Medical AI still faces many challenges
Although artificial intelligence is accelerating its introduction to the medical industry, industry insiders admit that medical AI still faces many difficulties. Wang Yanfeng said, on the one hand, large-scale open source data is the key to the rapid breakthrough of the current artificial intelligence in text, voice, image analysis, but the strict protection of medical privacy, it is difficult to large-scale open source; On the other hand, the current paradigm of supervised learning in the medical field only focuses on covering certain types of head diseases, and a large number of diseases with a long tail distribution have not been paid attention to.
Wang Yanfeng believes that the future development direction of medical field of artificial intelligence, is "the data distribution, modal, tasks, such as differences in collaborative modeling challenges, to explore the medical AI from special to general technical implementation", and "formation system based on the training model of open sharing, open source alternative to model data source, through the" base "model to help the long tail disease modeling, Accelerating the development of medical AI ".
Zhao Haipeng, vice president of Shanghai Tongji Hospital, said that as the application scenarios of artificial intelligence medical treatment become more and more perfect, the higher the dependence on artificial intelligence, the reliability will be the premise of the long-term development of the industry, and its importance is highlighted.
Wang Chunming, director of the intelligent medical development department at Renji Hospital affiliated to Shanghai Jiao Tong University School of Medicine, said that the cultivation of interdisciplinary talents capable of "artificial intelligence and medicine" needs to be strengthened. Taking textbooks as an example, the introduction of artificial intelligence is only a few chapters in medical textbooks at present, and relevant knowledge needs to be further systematized.

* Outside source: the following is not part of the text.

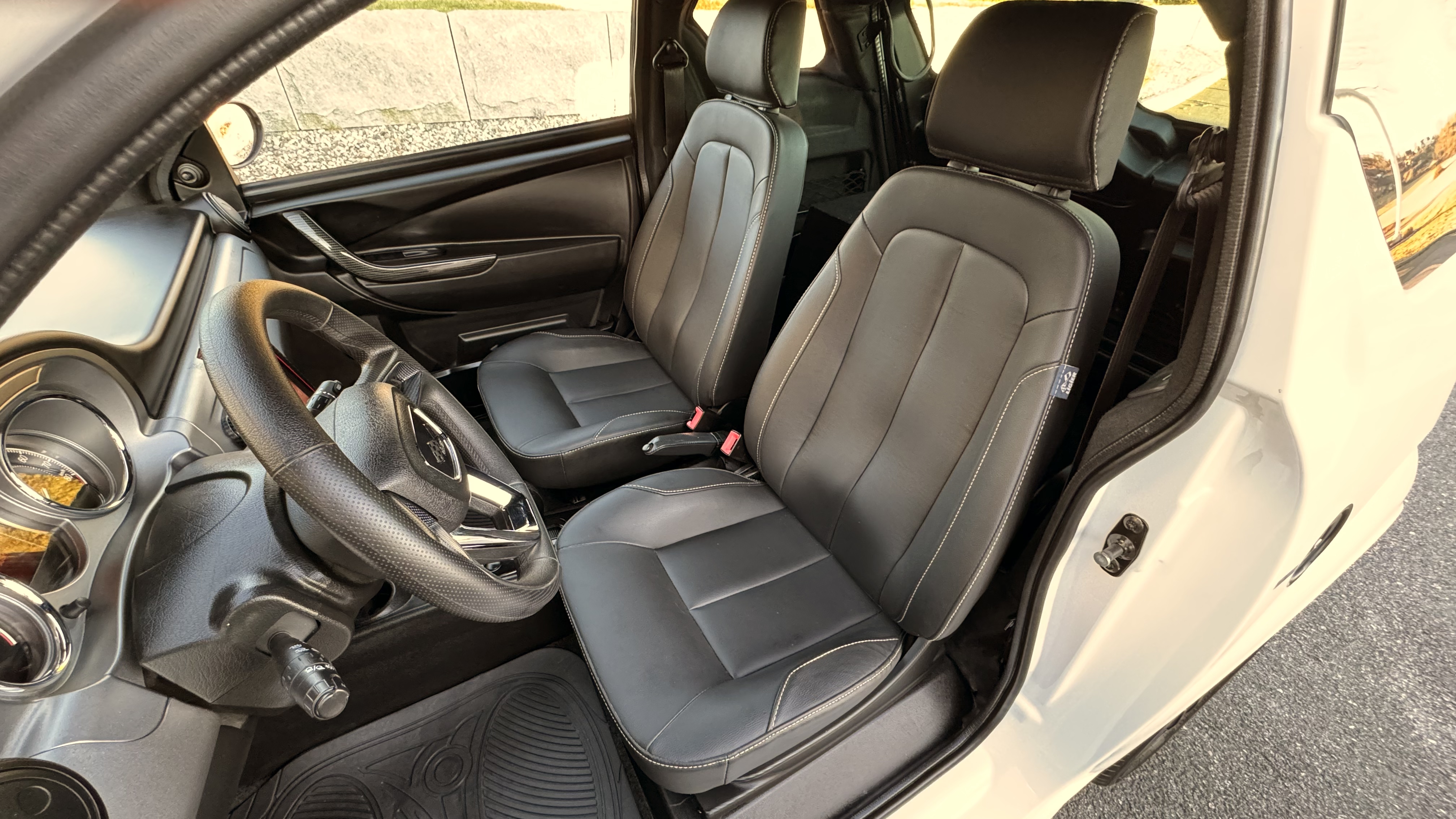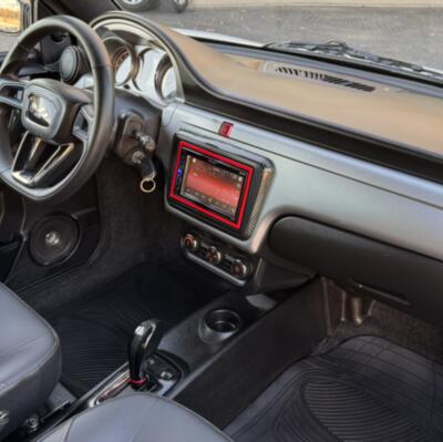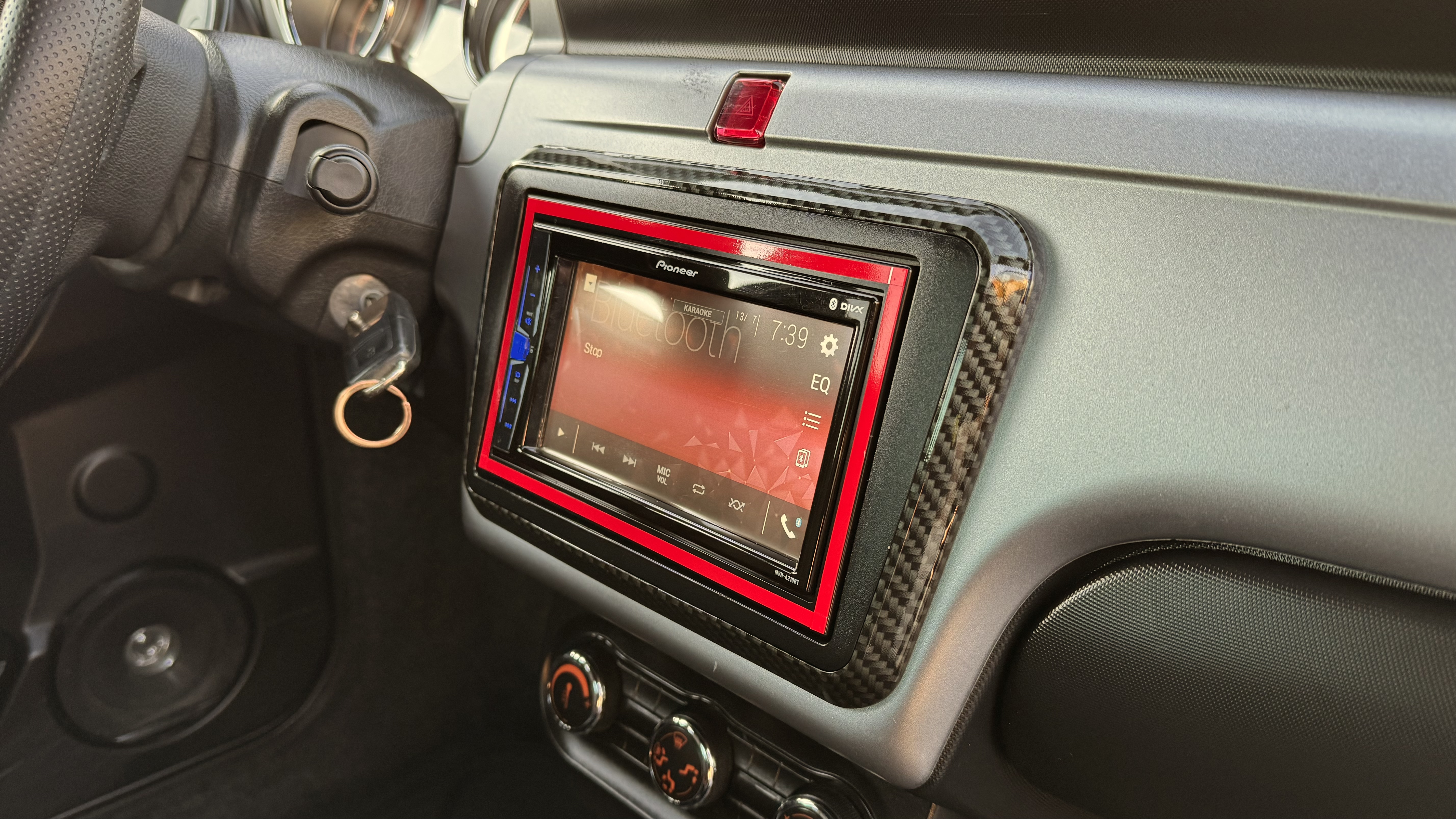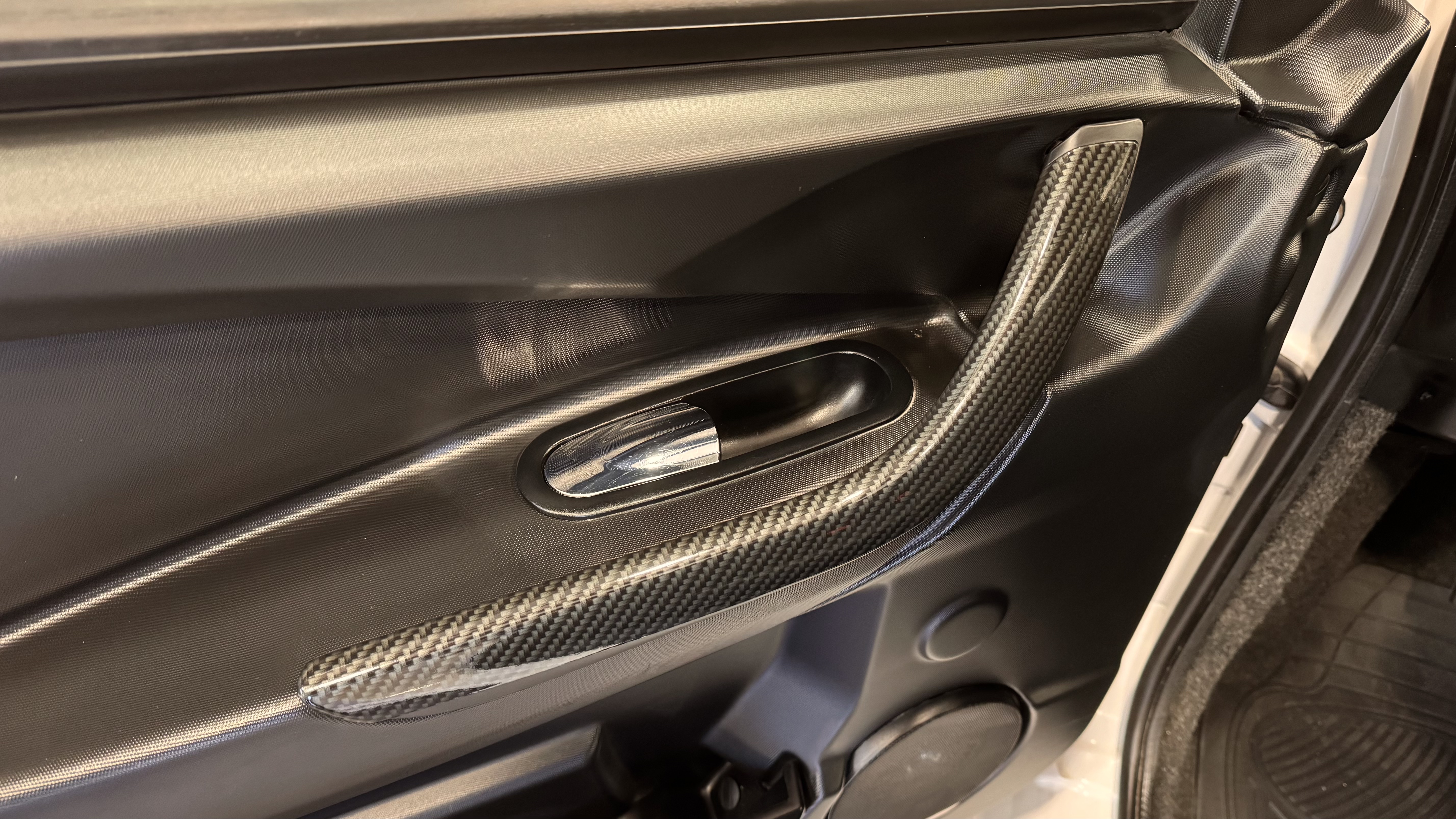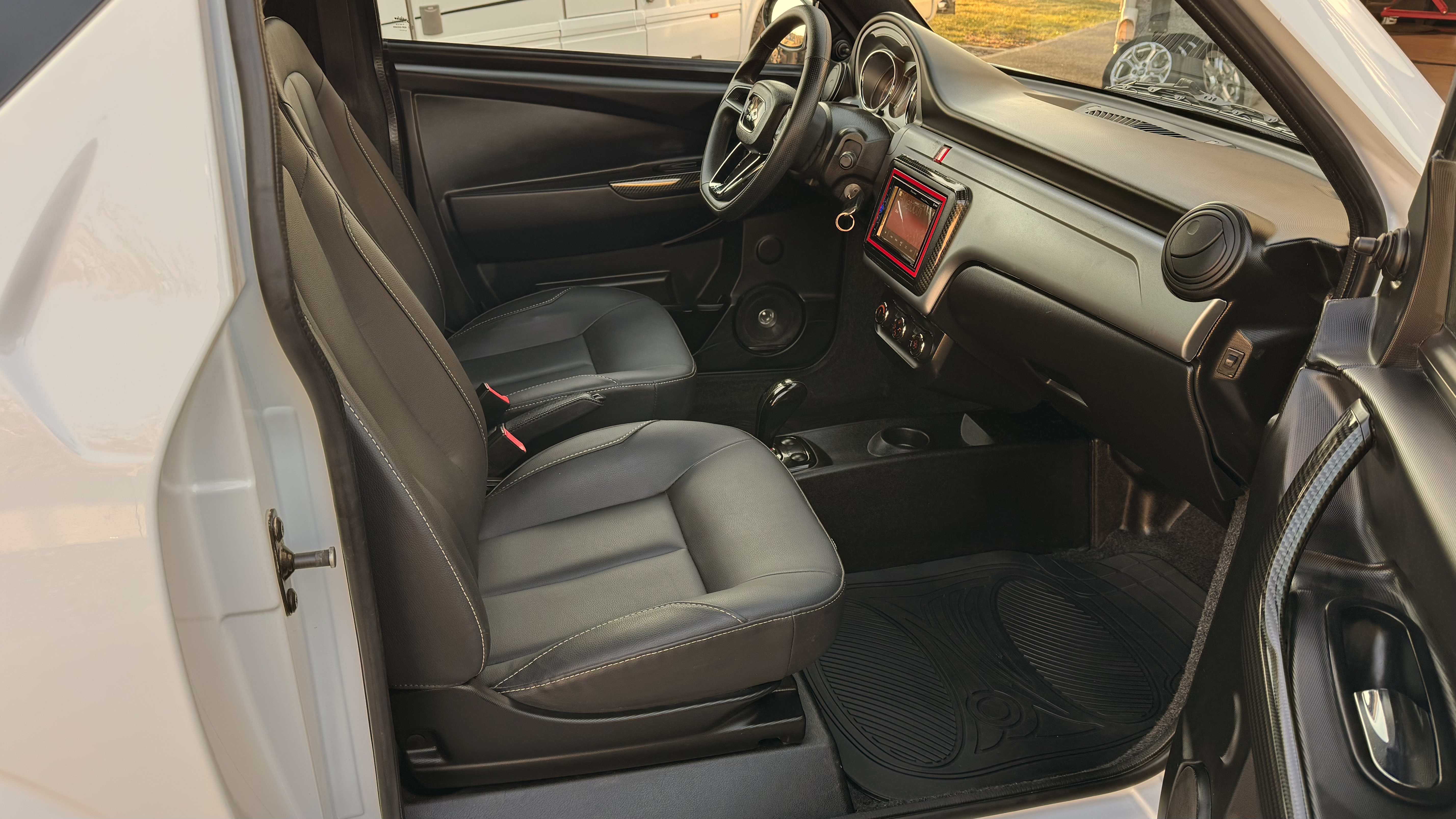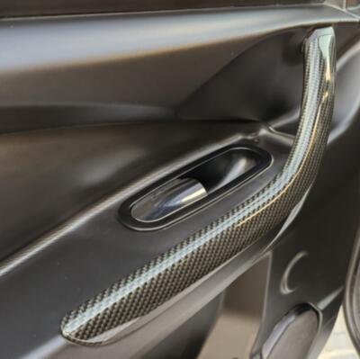 Biilen har fått ett sportigare utseende med kolfiber folie samt röda linjer, både interiör och

Contents such as data label cleaning and application cases of artificial intelligence in medicine need to be enriched and supplemented.
In addition, Wang Chunming also said that in order to further accelerate the application of artificial intelligence in the medical field, it is necessary to form an "exploratory atmosphere" of artificial intelligence in hospitals, so that doctors can actively explore the application of artificial intelligence when facing clinical difficulties, and discuss the promotion with artificial intelligence enterprises.